=== Exercise data ===

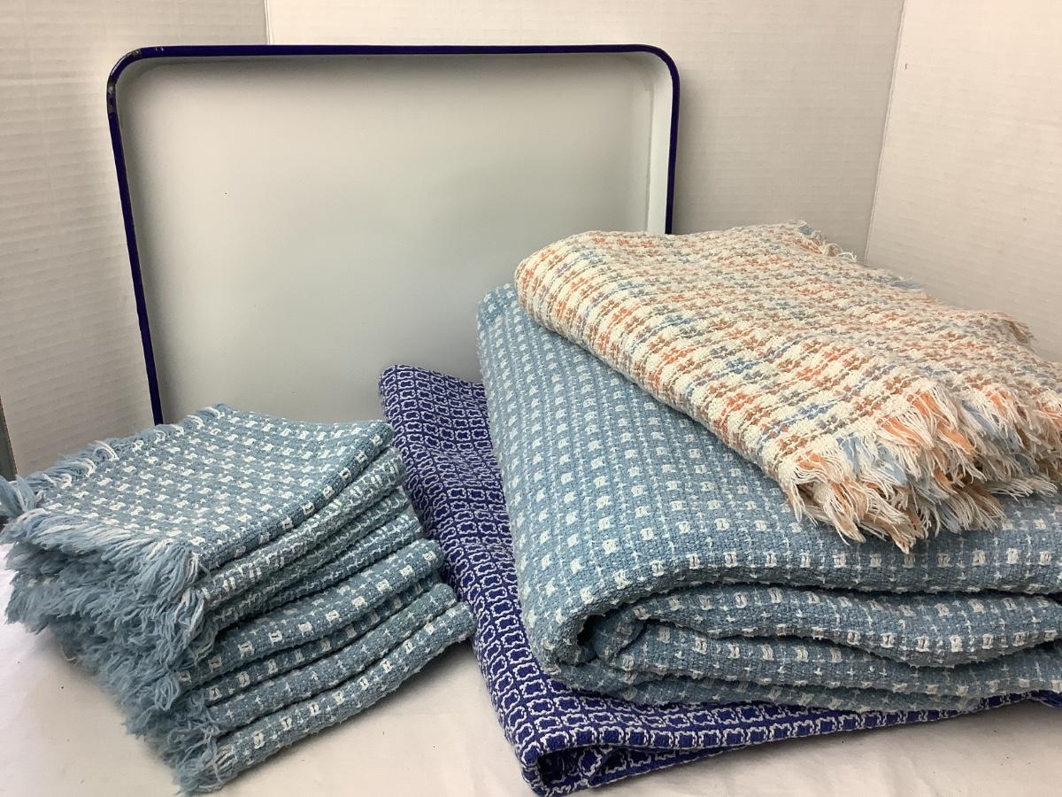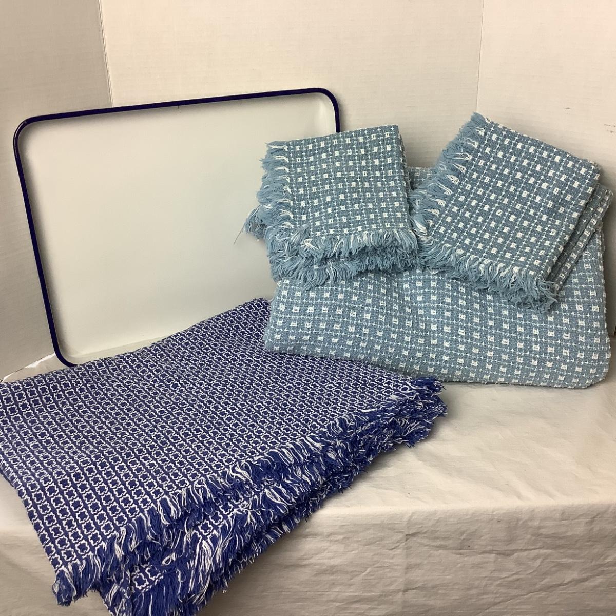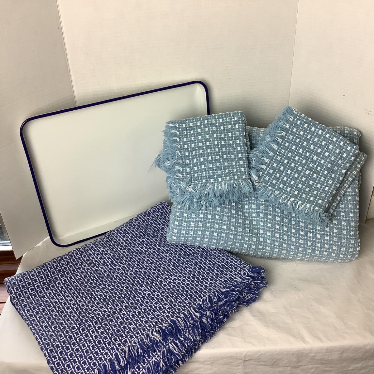 713 Lot of Blue and White Table Linens with Blue and White Enamel Tray
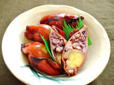 ヤリイカにウズラの卵を入れ甘辛く炊き上げた逸品です。
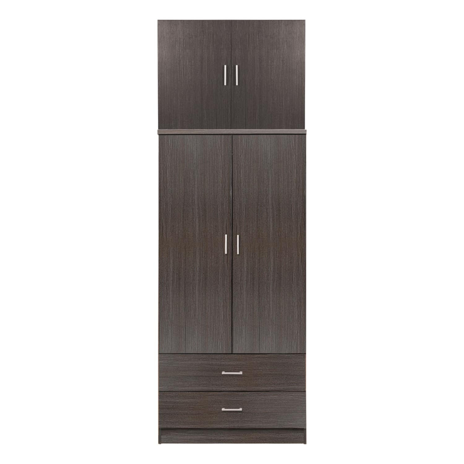 Η 2-φυλλη ντουλάπα REINA με πατάρι διαθέτει στο εσωτερικό της μόνο μια INOX μπάρα για κρέμαση ρούχων. Κάτω ακριβώς από τον χώρο της γκαρνταρόμπας υπάρχουν 2 ευρύχωρα συρτάρια, ενώ το πατάρι αποτελείται από έναν ενιαίο αποθηκευτικό χώρο. Οι πόρτες αλλά και τα συρτάρια ανοίγουν με καλαίσθητα ασημί χερούλια. Είναι κατασκευασμένη από μελαμίνη σε ZEBRANO χρώμα και αισθητικά μπορεί να ταιριάξει με πολλά άλλα στυλ, χάρη και στις «καθαρές» γραμμές της.
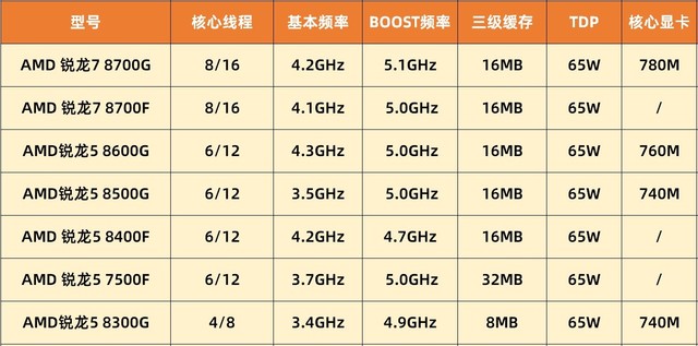 AMD 锐龙5 8600G拥有6核心12线程,加速频率4.7GHz,16MB三级缓存,65W TDP,支持DDR5,支持PCIe 4.0。
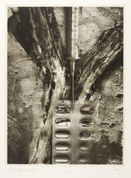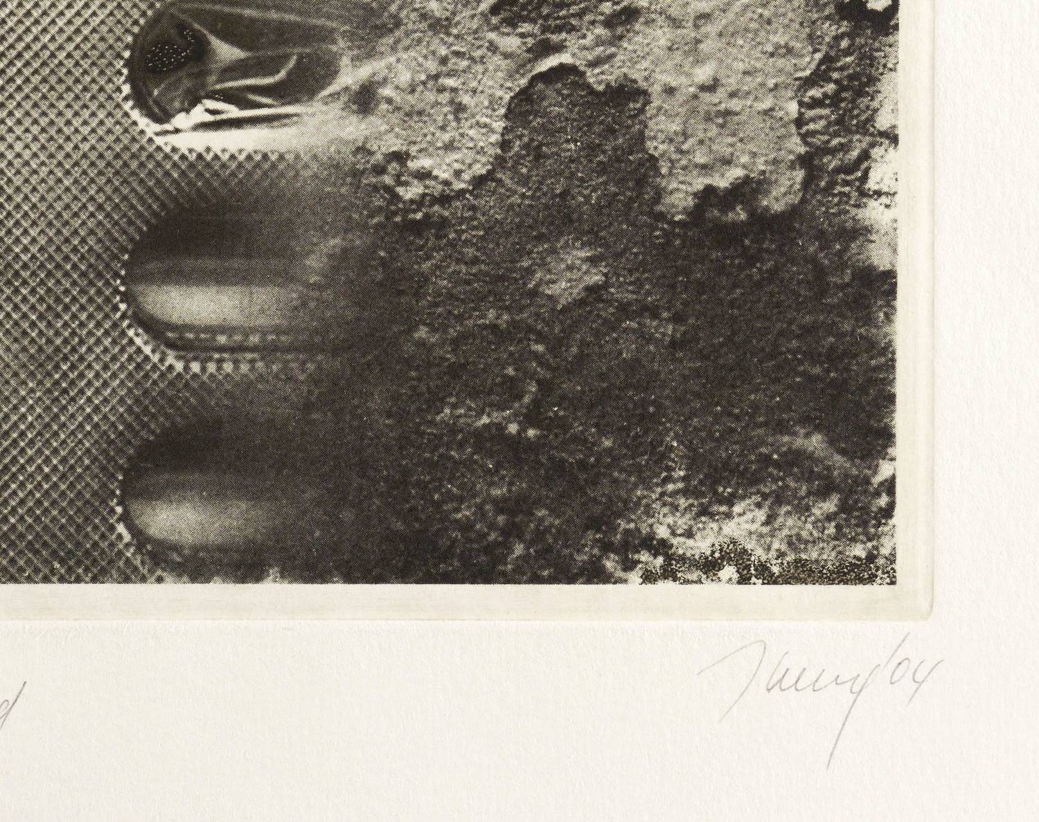 2004. Radierung / Fotomontage, in Schwarz, auf gelblichem Velin. – Originale Künstlergrafik, von Joachim Jansong. – Zustandsdruck. – 38,6 x 28,5 cm (Darstellung / Druckbild), 39,7 x 29,6 cm (Platte), 51 x 38 cm (Blatt).
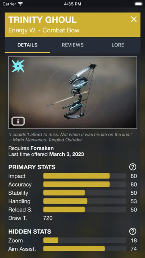 - Weapon & Armor Details: See all the stats and perks of a weapon or armor in detail.
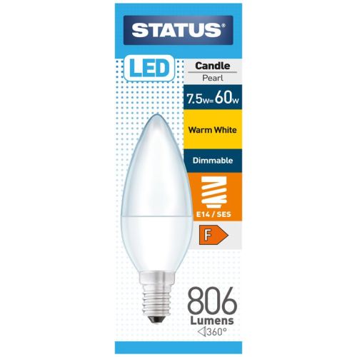 STATUS LED CANDLE 7.5W=806LM.=60W SES DIM OP W/W

===

Task brief:
Your answer must be every record above, word for word, with no pictures.

Exercise answer:
 713 Lot of Blue and White Table Linens with Blue and White Enamel Tray
 ヤリイカにウズラの卵を入れ甘辛く炊き上げた逸品です。
 Η 2-φυλλη ντουλάπα REINA με πατάρι διαθέτει στο εσωτερικό της μόνο μια INOX μπάρα για κρέμαση ρούχων. Κάτω ακριβώς από τον χώρο της γκαρνταρόμπας υπάρχουν 2 ευρύχωρα συρτάρια, ενώ το πατάρι αποτελείται από έναν ενιαίο αποθηκευτικό χώρο. Οι πόρτες αλλά και τα συρτάρια ανοίγουν με καλαίσθητα ασημί χερούλια. Είναι κατασκευασμένη από μελαμίνη σε ZEBRANO χρώμα και αισθητικά μπορεί να ταιριάξει με πολλά άλλα στυλ, χάρη και στις «καθαρές» γραμμές της.
 AMD 锐龙5 8600G拥有6核心12线程,加速频率4.7GHz,16MB三级缓存,65W TDP,支持DDR5,支持PCIe 4.0。
 2004. Radierung / Fotomontage, in Schwarz, auf gelblichem Velin. – Originale Künstlergrafik, von Joachim Jansong. – Zustandsdruck. – 38,6 x 28,5 cm (Darstellung / Druckbild), 39,7 x 29,6 cm (Platte), 51 x 38 cm (Blatt).
 - Weapon & Armor Details: See all the stats and perks of a weapon or armor in detail.
 STATUS LED CANDLE 7.5W=806LM.=60W SES DIM OP W/W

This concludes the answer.